The tribomechanical and / or tribochemical treatment of the processed Demolition material takes place in devices of material shredding by impact and / or friction a gas and / or liquid phase to form particles with a diameter in the Limits, based on the maximum value in the frequency distribution, of 0.1 to 30 μm, preferably in the range of 0.7 to 3.0 µm.

Vibration and ball mills are used in particular as devices for particle size reduction.

Silicic-mineral demolition materials include pre-shredded materials to understand fired bricks or roof tiles or asbestos cement slabs.

The invention will be explained in more detail with reference to exemplary embodiments, without thereby in its Restrict scope.

example 1

Brick chippings are turned into fine material using a vibrating mill in air at normal pressure with a grain diameter in the range of 1 to 10 µm. This brick flour shows latent  hydraulic properties with which after the addition of a synthetic pore solution of the hydrated Portland cement, d. H. 42 g / l KOH + 8 g / l NaOH + cold saturated with Ca (OH) ₂, cement-like Compressive strengths can be achieved. The product obtained in this way has the same strength properties Hydration product of ground blast furnace slag comparable.

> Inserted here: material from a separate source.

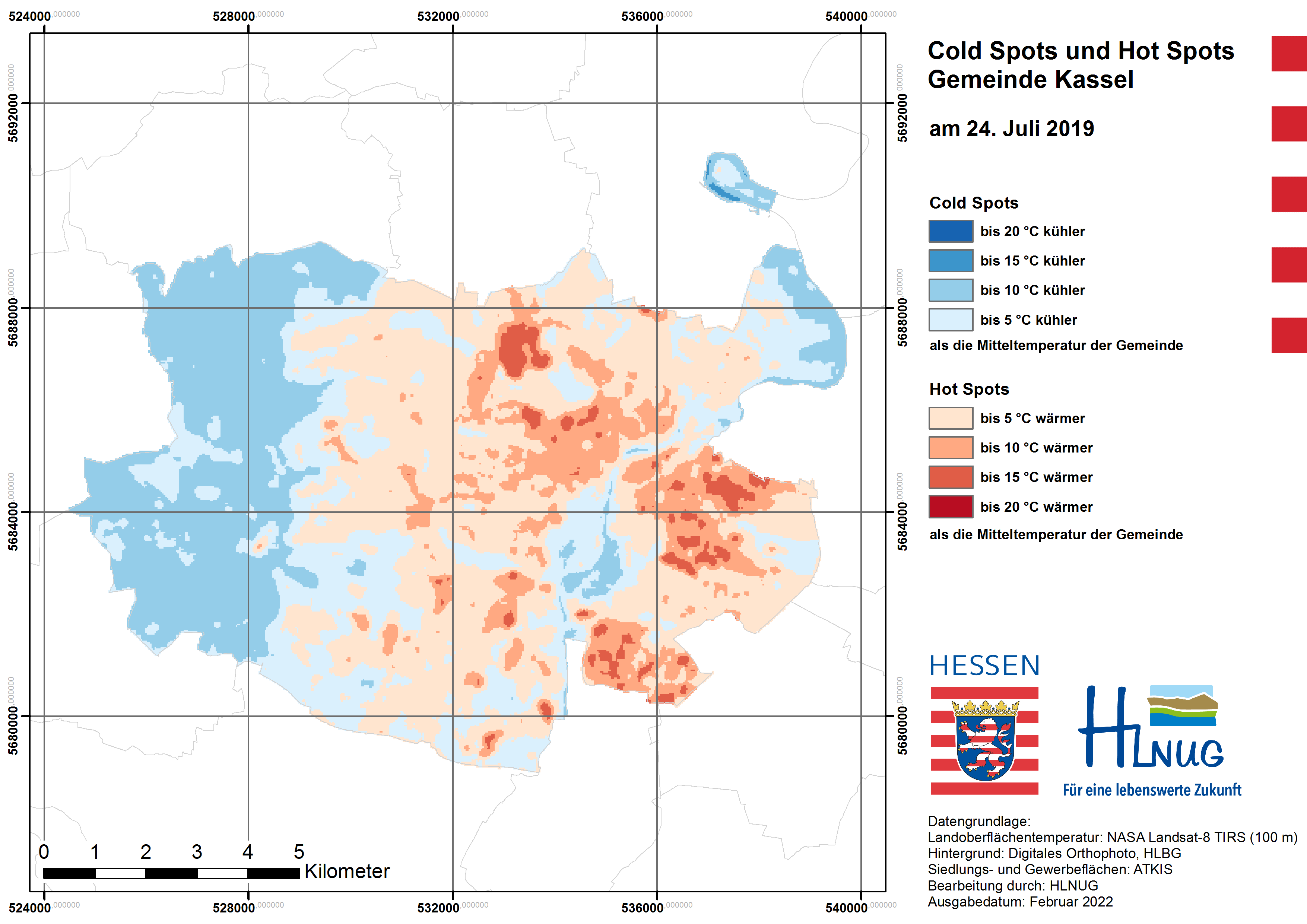 Die Karte zeigt Cold Spots und Hot Spots beispielhaft für die Stadt Kassel am 24.07.2019 (wolkenfreier Tag in ganz Hessen). Diese Analyse steht für alle Kommunen Hessens zur Verfügung! Im Viewer können die Kommunen einzeln (Klick auf das Gemeindegebiet in der Karte) abgerufen werden. Für die Analyse wurde die durchschnittliche Oberflächentemperatur des gesamten Gemeindegebiets für einen Tag (24.07.2019) ermittelt. Die Temperaturen der einzelnen Oberflächen unterscheiden sich selbstverständlich von diesem Mittelwert. Blautöne zeigen Gebiete der Kommunen, die kühler als die Oberflächen-Mitteltemperatur der Kommune sind und Rottöne zeigen Bereiche die wärmer als die Oberflächen-Mitteltemperatur der Kommune sind. Somit werden die Cold Spots und Hot Spots sichtbar.

In contrast, conventional brick flour as well as tress, tuff and Hard coal fly ash is classified in the group of non-hydraulic substances (puzzolans), which alone have no hydraulic properties [Hennig, O .; Knöfel, D .: Building materials chemistry. Bauverlag GmbH, Wiesbaden and Berlin 1989, p. 115]. Your chemical composition or location in the Three-component system lime-silica-alumina can be made from [Kaminsky, W .: Zement. Publishing house of Theodor Steinkopff, Dresden and Leipzig 1950, p. 4]. Such brick flour with one specific surface, which corresponds approximately to that of the cement PZ 45 F, however allows for Fresh mortar production, if it replaces 20% of Portland cement, better workability of the mortar containing brick flour, however, the compressive strength (28 d value) of Compared to pure Portland cement significantly back [Müller, A .: recycling of Masonry materials in mortars and concretes. Building material recycling + landfill technology 11 (1995) 11, pp. 4-9].

Example 2

Made from asbestos cement, a material made from Portland cement and the mineral chrysotile in Ratio of about 9: 1, using a ball mill in the presence of water (Wet grinding) a very fine ground material with a grain diameter in the range from 0.6 to 2.0 µm produced. The mechanically treated asbestos cement has a chemical similar to cement Composition, without it being possible to detect fibers. Such a thing Grist can be used, for example, in the safe production of cement raw meal mixtures Starting material can be used.

Claims (1)

Process for the production of high-quality secondary raw materials from unmixed silicate-mineral and pre-shredded demolition material from buildings, characterized in that they are brought into a more reactive, activated state by tribomechanical and / or tribochemical treatment by the processed demolition material in devices for material shredding by impact and / or friction in a gas and / or liquid phase to form particles with a diameter in the limits, based on the maximum value in the frequency distribution, of 0.1 to 30 μm, preferably in the limits of 0.6 to 3.0 µm.